→ Dataset:

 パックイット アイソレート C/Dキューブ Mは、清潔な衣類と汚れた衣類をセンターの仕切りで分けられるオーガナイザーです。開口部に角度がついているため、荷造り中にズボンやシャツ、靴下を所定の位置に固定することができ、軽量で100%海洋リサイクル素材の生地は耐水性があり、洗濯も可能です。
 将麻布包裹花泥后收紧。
---
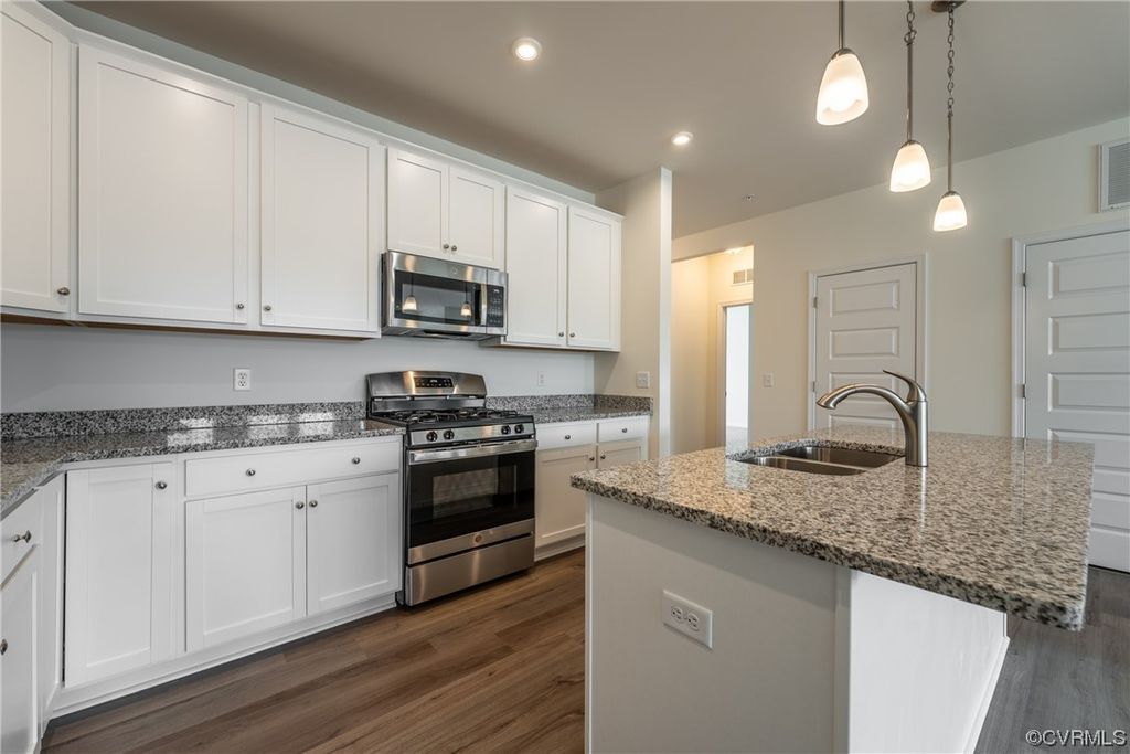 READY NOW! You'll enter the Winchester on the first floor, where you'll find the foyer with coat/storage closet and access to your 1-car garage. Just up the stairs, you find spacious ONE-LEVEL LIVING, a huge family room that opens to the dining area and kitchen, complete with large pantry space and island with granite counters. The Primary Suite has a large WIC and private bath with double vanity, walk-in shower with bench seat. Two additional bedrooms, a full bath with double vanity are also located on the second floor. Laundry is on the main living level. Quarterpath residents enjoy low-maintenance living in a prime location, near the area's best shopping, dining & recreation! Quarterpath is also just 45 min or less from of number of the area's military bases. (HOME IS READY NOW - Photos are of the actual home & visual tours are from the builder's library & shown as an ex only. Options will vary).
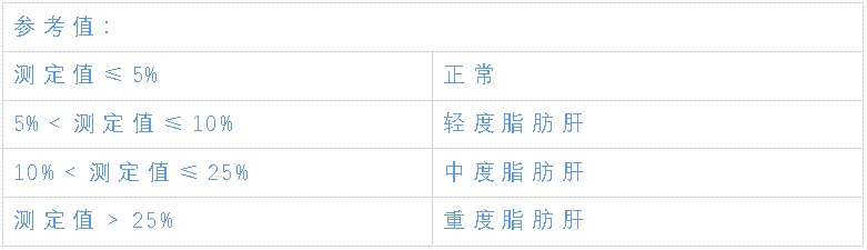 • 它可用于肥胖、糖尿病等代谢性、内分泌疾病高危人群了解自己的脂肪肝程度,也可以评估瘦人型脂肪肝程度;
* * *
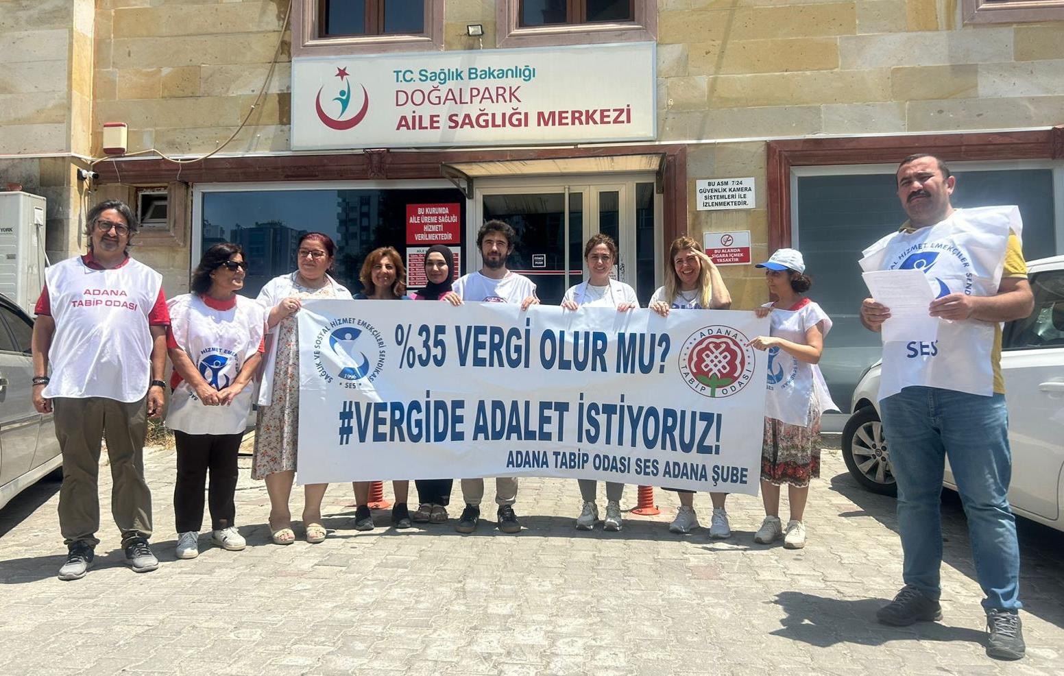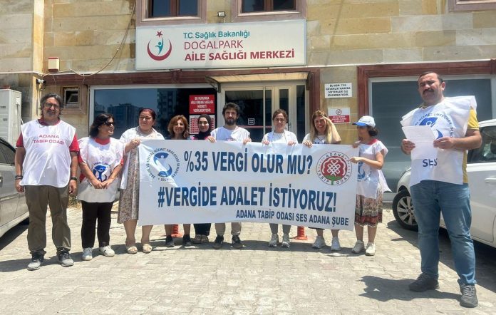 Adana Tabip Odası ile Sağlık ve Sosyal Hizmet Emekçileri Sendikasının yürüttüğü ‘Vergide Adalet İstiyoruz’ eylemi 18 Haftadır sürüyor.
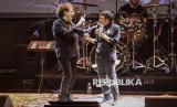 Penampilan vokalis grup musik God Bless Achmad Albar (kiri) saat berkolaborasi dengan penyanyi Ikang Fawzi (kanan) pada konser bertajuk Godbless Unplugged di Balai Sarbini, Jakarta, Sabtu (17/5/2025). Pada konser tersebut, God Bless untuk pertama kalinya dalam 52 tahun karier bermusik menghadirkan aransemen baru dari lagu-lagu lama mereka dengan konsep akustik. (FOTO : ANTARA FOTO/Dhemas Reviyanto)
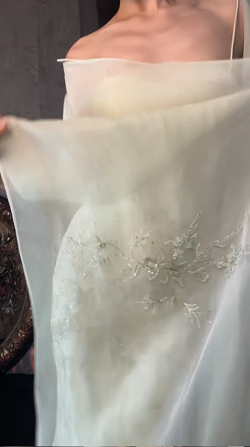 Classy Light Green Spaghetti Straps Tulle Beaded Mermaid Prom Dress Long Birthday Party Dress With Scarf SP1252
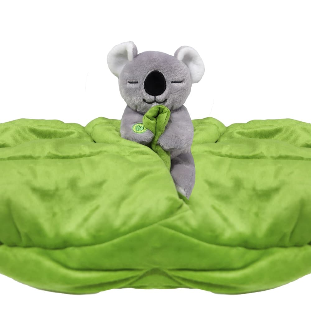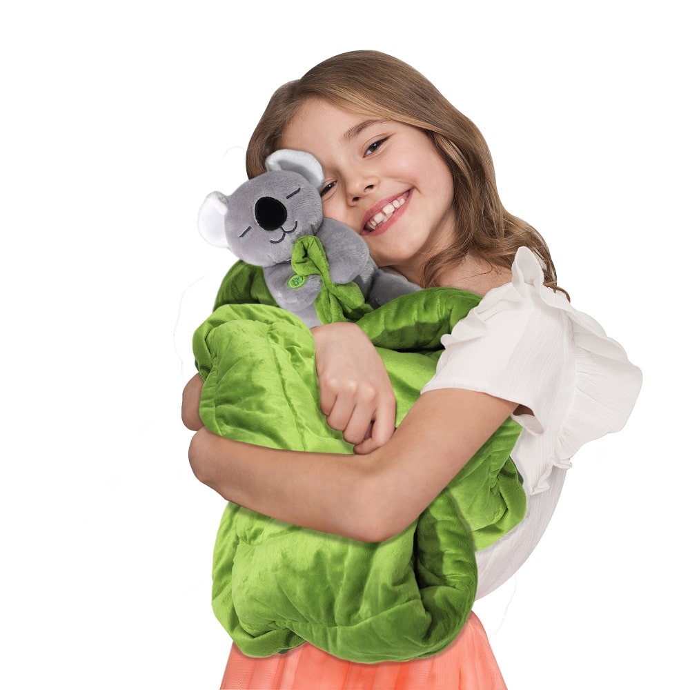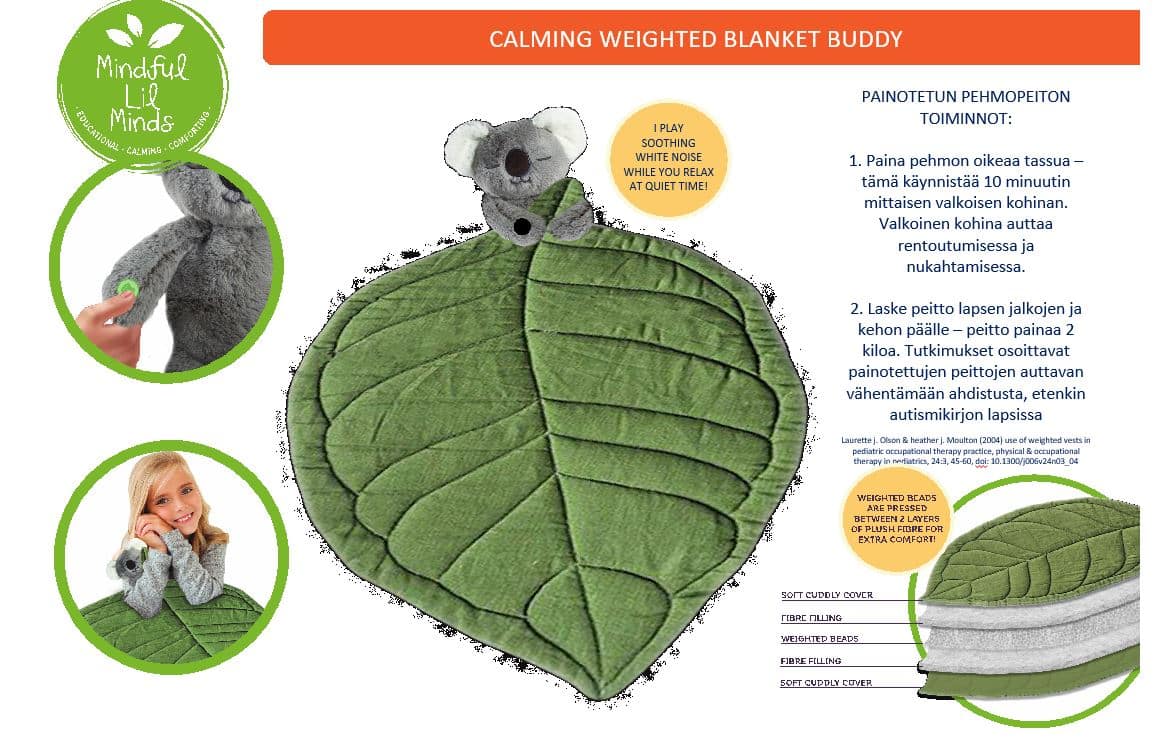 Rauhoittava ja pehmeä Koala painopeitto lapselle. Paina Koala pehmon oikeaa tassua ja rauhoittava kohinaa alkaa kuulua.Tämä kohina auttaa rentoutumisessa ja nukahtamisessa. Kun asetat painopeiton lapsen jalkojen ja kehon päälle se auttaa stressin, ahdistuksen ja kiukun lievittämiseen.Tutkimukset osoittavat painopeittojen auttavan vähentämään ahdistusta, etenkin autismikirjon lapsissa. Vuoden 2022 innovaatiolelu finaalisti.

→ What is required:
All lines in the listing above from the line containing "パックイット アイソレート C/Dキューブ" to the line containing "将麻布包裹花泥后收紧。", inclusive, should be retyped exactly; no other lines should appear.

→ Task result:
 パックイット アイソレート C/Dキューブ Mは、清潔な衣類と汚れた衣類をセンターの仕切りで分けられるオーガナイザーです。開口部に角度がついているため、荷造り中にズボンやシャツ、靴下を所定の位置に固定することができ、軽量で100%海洋リサイクル素材の生地は耐水性があり、洗濯も可能です。
 将麻布包裹花泥后收紧。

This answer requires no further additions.